Why We Need A Culture Shift In Government


Jennifer Pahlka founded Code for America to enhance government services with technology and design expertise. She served as deputy chief technology officer under President Obama and has advised administrations at state and federal level. In her new book Recoding America, Jen examines why government is failing in the digital age. A conversation about policy, hierarchy, and how to move ahead.

Konstanze Frischen: In government culture, you write, implementation is seen as policy’s poor cousin. Why is that?

Jen Pahlka: It goes all the way back to the British Civil Service that divided their employees between the intellectuals making decisions and the mechanicals – the people who get stuff done. That division still holds today, even though in the metaphysical Silicon Valley, companies get started by programmers who in the social structure of D.C. would be at the bottom – an interesting reverse. But still – in government culture, it’s the ideas that matter, and how they actually get out into the world is the job of less important people. That divide is not helpful. In our complex, fast-moving world, the implementers need to be at the table when big ideas are being cooked up.

Frischen: Because constituents experience policy in the form of implementation?

Pahlka: Exactly. Just look at our tax system. People in the highest levels of government, economists and analysts think about our tax code, but the average American has no idea about that complexity, they know that they’re supposed to file taxes every year and interact with the system and find it frustrating. We experience policy through delivery.

Frischen: And the delivery, if you allow me to summarize the many examples in your book with one informal word, often sucks – despite good intentions, and despite technology.

Pahlka: Yes. One good example I describe in the book is when the Centers for Medicare and Medicaid Services were trying to implement a law that’s going to pay doctors more for better quality care. A great intention, but many sole practitioners and doctors in small practices were a) already frustrated with their current interaction with Medicare, and b) the administrative jumps they’d have to go through to upgrade to the new system were so overwhelming that they were threatening to leave altogether, which would then degrade the quality of care. The entities who could easily take advantage of the new law were the big health care systems – because they’re better at complying with the paperwork. In other words, the way the law was to get implemented was instead of incentivizing everyone to provide better care ranking doctors by their ability to do administrative tasks.

Frischen: And the ability to comply with the administrative requirements, you write, highly correlates with money and power?

Pahlka: Absolutely, you can see that in so many ways, like the ways in which many wealthy people take advantage of the tax system because they have lawyers and accountants to do this for them whereas low-income people don’t even get the tax benefits they’re entitled to. That is why when we think about the complexity of government services, it’s not just a question of convenience, it’s a question of equity. There’s such an instinct amongst people who care about equity to gather more and more data, which requires more and more paperwork. We’ve got to balance that out and really think about whether the impacts of all of those attempts to track equity end up decreasing equity. Delivery is how we experience policy, and one of my messages for policy people is to look at it from the delivery view up as well as the policy view down.

Frischen: A big theme of the book is what you call the waterfall culture in which civil servants move. Can you describe that?

Pahlka: Government culture tends to be one in which power, information and insights only flow down. When you get direction from the person above you in the waterfall, you have very little opportunity to question it and circle back, and so very often, well-intentioned public servants will simply do literally what they’re told, even though they might have their own opinions as to whether this is good or not. General McChrystal described why this is problematic by telling his people “Don’t do what I told you to do. Do what I would do if I knew what you know on the ground.” The larger insight here is that while the waterfall seems to serve people in power because they get to tell people below what to do, it actually does not serve anybody.

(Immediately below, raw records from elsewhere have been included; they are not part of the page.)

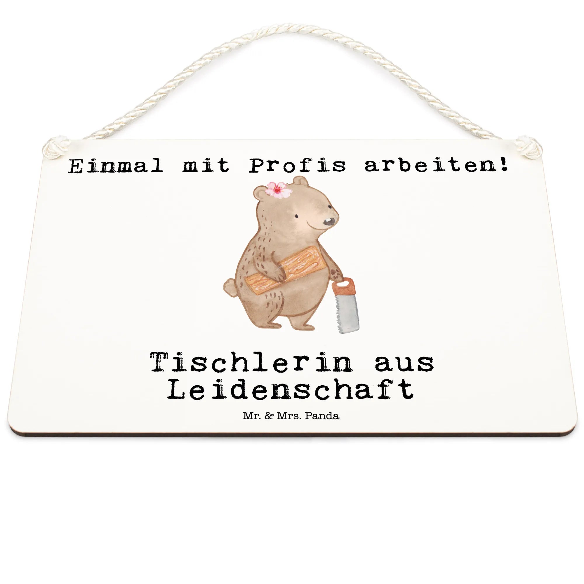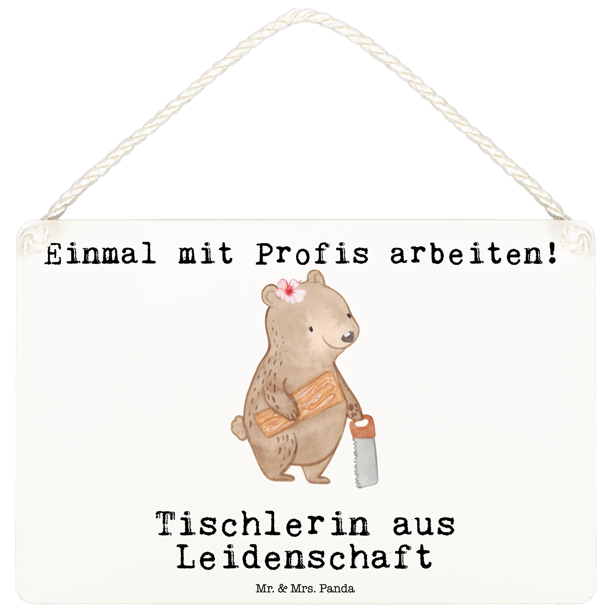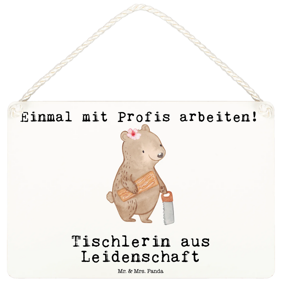 Das Motiv zeigt einen süßen, weiblichen Bären, der eine Säge in der einen und ein Holzstück in der anderen Hand hält. Es stammt aus der kreativen Berufe-Kollektion, die ganz dem Handwerk und den Menschen, die es lieben, gewidmet ist. Das Schild hat die idealen Maße von DIN A6, ist aus beschichteter Holzfaser gefertigt und zeichnet sich durch sein edles und langlebiges Druckbild aus. Mit der hübschen, gedrehten Kordel zur Aufhängung kannst du das Schild sowohl an der Wand als auch an der Tür anbringen.
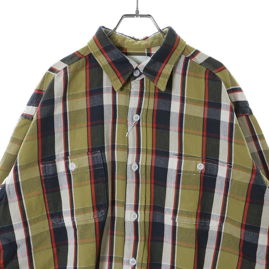 Bow Wow 23AW Repair Aging Flannel Shirt, Distressed Long Sleeve Beige, BW2302-RAFS, Size XL
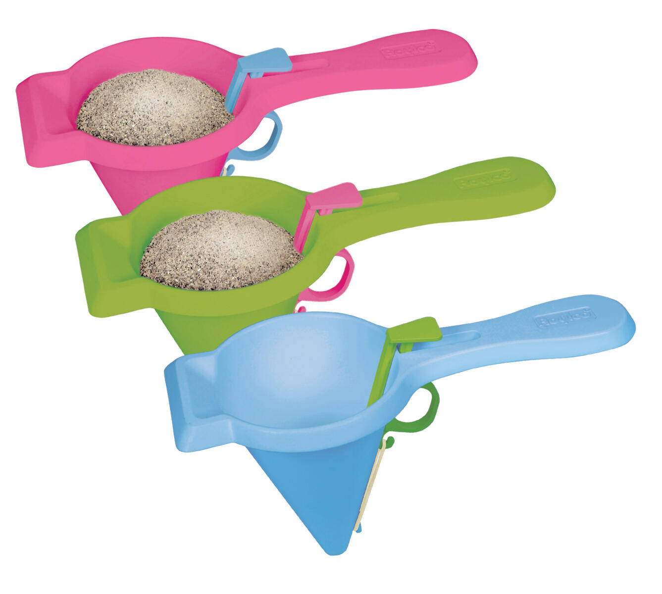 3 stk. Fyld skovlen, tryk på knappen, og se hvordan sandet løber ud. Skriv bogstaver, tal eller lav billeder. Mål: 20,5 x 12 cm. Materiale: PE. Fra 3 år.

Frischen: But you have seen time and time again that civil servants rise through the ranks when they stick to procedure – even if the outcome is terrible. How can that culture be changed?

Pahlka: First, it’s important for people to understand that we the people have created this culture. We elect our officials who help foster this unhelpful fidelity to the processes of bureaucracy. Second, there are innovators out there with a passion for the mission, who understand the intention of a law they are being asked to implement, and who have the courage to keep that in focus even if that means a slightly loose interpretation of the literal words of the regulation. People want to work for bold leaders like that. We shouldn’t vilify the servants who follow process to the iota because they are operating rationally within the system, but we do need new leaders who are creative and who want impact and reward them. To help bring about this change is one of the reasons I wrote the book. I know some of these new leaders who are civil servants, and they are attractive to top level tech talent.

Frischen: Talking about the tech industry – your book is a strong reminder that technology alone will not reform government, it takes a mindset and culture shift. What practices can government adapt from the tech industry?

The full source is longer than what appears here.